Federal Bureaucracy and Institutions in General
Alternatively, The Swamp could simply be the federal government itself. Perhaps Trump believes, as many conservatives do, that the executive branch has grown out of control, not only in terms of the authority it asserts but also in the sheer number of people it employs. If the population of the federal bureaucracy were pruned back, surely it would be less able to overreach its authority and meddle in people’s lives.
Trump has had some marginal (though perhaps inadvertent) success by this metric. He has been abnormally slow in proposing nominees for cabinet agencies–a New York Times synopsis in July showed that he had made nominations for only 96 out of 210 vacant executive posts, only 33 of whom had been confirmed (for comparison, by the same point in President Obama’s term, he had made 169 nominations, 126 of whom had been confirmed).
But this may be a dangerous road. Conservatives may have a point that the ideal federal bureaucracy is much smaller than our current one, but this does not mean that any job downsized is a victory. The president runs the risk of crippling necessary government functions. For example, as of this writing, there are 49 US ambassadorships still lacking a nominee, including countries such as Cuba, Venezuela, South Korea, and Saudi Arabia: all countries with which we really need effective communication right now.
Finally, consider the possibility that The Swamp could mean the generally deadlocked state of affairs in Washington. This image does make good sense here; a swamp is what forms when running water stops moving and becomes stagnant, just as actual legislation from Congress seems to have ground to a near halt in recent years.
If we take this to be our Swamp, Trump is actually in a good place to do something about it. However you may feel about his various antics, you do have to admit that he is hardly a traditional conservative. The fact that he is not a political insider should give him considerable freedom to operate as a dealmaker outside the crystallized two-party system.

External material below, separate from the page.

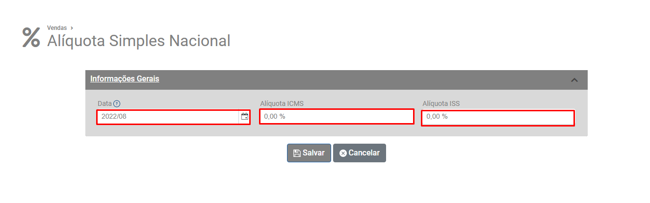 Informar a alíquota de crédito do Simples Nacional.

We have seen some glimmers of this potential in recent weeks as Trump has gone out of his way to strike deals with congressional Democrats on important issues like immigration and the debt ceiling. A traditional president would not have been able to unilaterally reach across the aisle like this without enormous outrage from his own party, but the outsider persona Trump has cultivated, coupled with his already-tenuous connection to the Republican party, seems to have softened the backlash considerably. Only time will tell if this sudden fit of bipartisanship marks the beginning of a new governing style for Trump, or merely represents one more spontaneous decision by a president already known for his spontaneity.
Americans are frustrated. Love him or hate him, Donald Trump successfully tapped into that frustration and managed to ride populist, anti-establishment sentiment all the way to the White House. We have examined here a few of the possible interpretations of his three-word campaign promise to Drain the Swamp, but the bottom line is that he intends to make change, to overturn standing Washington norms. Perhaps this will lead him to enact long-overdue reforms; perhaps he just will end up undermining cherished democratic institutions. At the end of the day, only time will tell whether by Trump’s hand The Swamp will be drained, or whether he himself will end up swamped.